#### GIVEN DATA
- - -
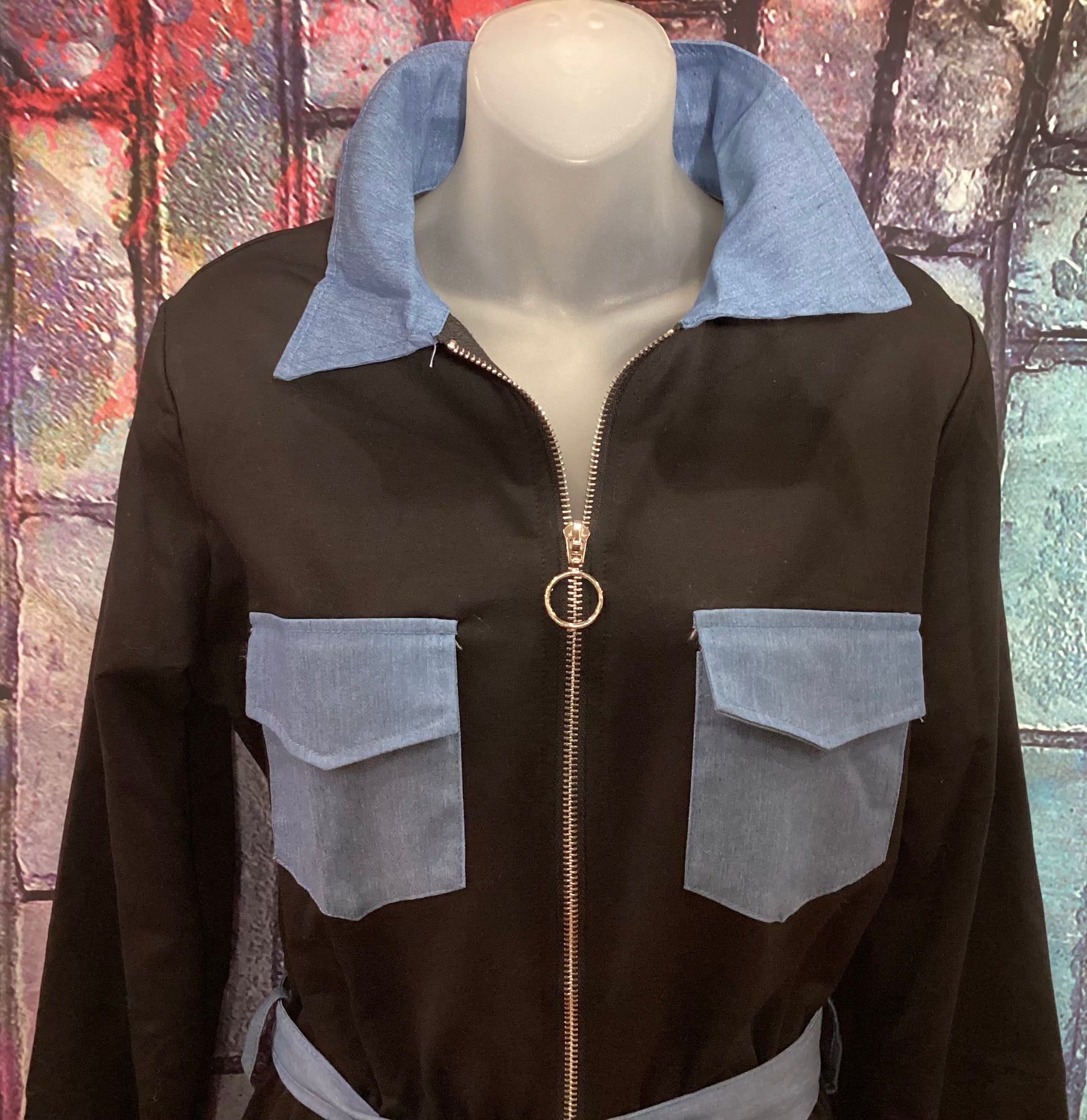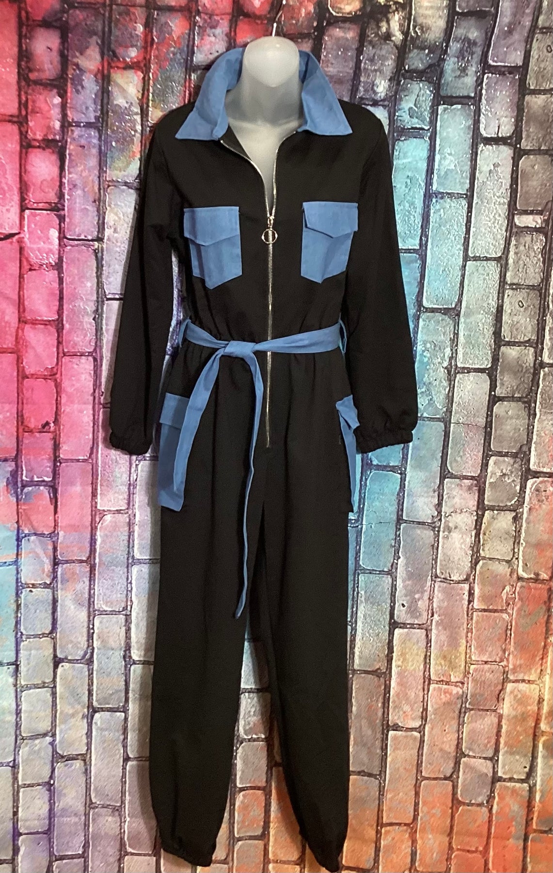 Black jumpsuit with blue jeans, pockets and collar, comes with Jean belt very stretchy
- - -
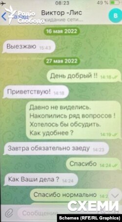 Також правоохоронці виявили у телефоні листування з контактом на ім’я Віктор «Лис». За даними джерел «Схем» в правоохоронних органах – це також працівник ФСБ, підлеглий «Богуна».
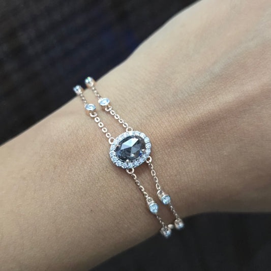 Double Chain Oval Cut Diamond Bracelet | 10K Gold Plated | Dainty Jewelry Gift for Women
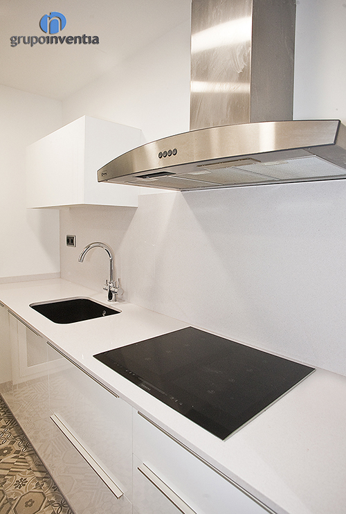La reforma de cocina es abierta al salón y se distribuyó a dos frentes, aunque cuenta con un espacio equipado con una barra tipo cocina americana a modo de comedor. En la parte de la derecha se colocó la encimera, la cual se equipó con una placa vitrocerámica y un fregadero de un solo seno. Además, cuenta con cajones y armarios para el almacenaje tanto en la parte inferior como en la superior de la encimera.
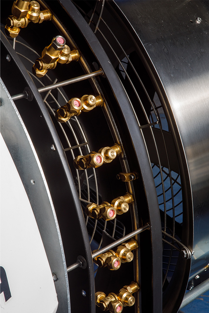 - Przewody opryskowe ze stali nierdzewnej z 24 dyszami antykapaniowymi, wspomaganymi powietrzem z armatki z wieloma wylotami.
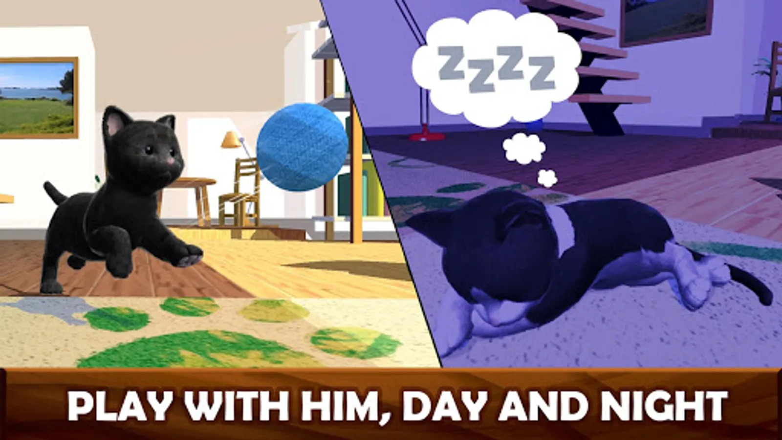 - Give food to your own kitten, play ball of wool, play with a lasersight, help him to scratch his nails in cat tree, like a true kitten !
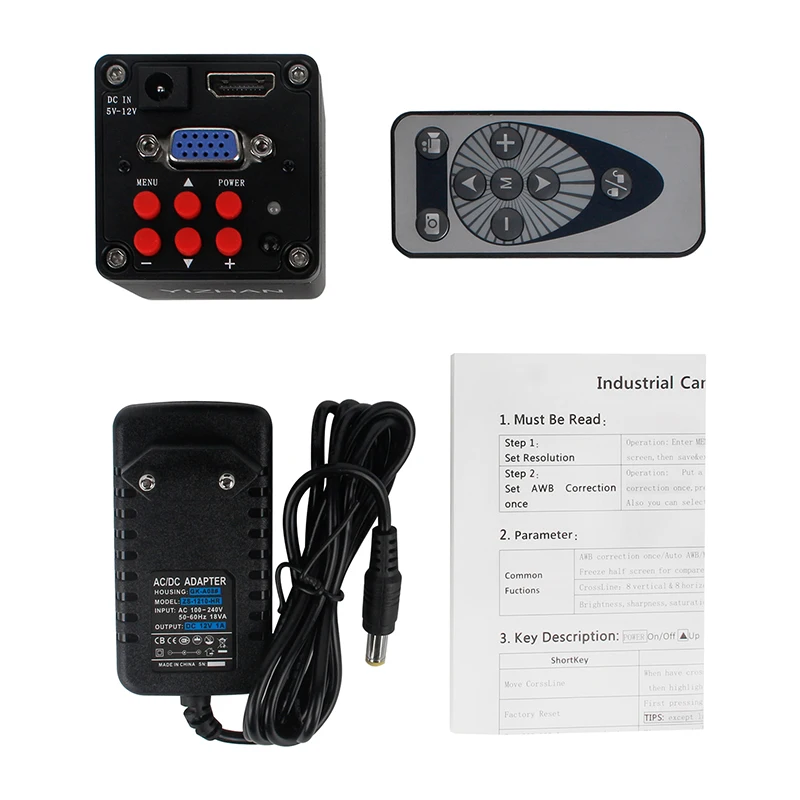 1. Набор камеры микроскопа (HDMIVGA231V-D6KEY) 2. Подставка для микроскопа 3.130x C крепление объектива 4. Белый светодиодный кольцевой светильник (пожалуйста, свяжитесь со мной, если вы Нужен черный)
- - -
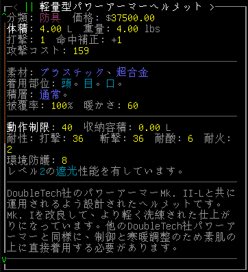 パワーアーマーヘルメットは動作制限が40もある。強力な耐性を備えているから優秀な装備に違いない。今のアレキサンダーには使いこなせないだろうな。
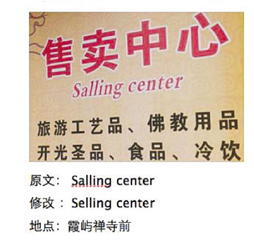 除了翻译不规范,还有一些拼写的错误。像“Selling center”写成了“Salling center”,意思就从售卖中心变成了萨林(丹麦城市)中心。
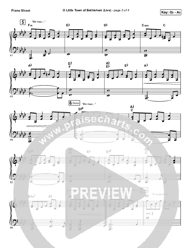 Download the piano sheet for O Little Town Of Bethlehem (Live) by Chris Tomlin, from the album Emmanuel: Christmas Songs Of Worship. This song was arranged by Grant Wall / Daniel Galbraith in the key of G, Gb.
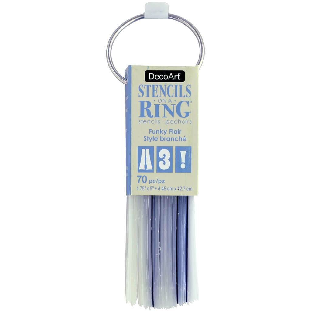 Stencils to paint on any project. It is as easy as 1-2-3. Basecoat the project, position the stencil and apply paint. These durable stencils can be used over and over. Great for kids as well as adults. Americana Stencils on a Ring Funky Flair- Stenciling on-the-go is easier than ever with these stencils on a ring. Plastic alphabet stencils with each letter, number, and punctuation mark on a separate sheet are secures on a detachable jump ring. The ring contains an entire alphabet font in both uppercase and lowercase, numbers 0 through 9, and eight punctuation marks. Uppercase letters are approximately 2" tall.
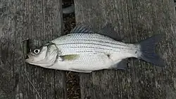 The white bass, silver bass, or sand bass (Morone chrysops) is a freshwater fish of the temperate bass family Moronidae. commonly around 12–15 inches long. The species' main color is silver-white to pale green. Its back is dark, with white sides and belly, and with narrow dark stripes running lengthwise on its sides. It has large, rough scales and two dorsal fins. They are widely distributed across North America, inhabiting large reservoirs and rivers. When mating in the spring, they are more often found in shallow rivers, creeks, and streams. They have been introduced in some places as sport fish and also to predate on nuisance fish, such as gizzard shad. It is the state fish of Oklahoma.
- - -
#### EXERCISE INSTRUCTIONS
The data above holds the lines to copy: start at the one with "- Przewody opryskowe", stop at the one with "1. Набор камеры", include both, copy them exactly without pictures, and copy nothing else.

#### RESPONSE
 - Przewody opryskowe ze stali nierdzewnej z 24 dyszami antykapaniowymi, wspomaganymi powietrzem z armatki z wieloma wylotami.
 - Give food to your own kitten, play ball of wool, play with a lasersight, help him to scratch his nails in cat tree, like a true kitten !
 1. Набор камеры микроскопа (HDMIVGA231V-D6KEY) 2. Подставка для микроскопа 3.130x C крепление объектива 4. Белый светодиодный кольцевой светильник (пожалуйста, свяжитесь со мной, если вы Нужен черный)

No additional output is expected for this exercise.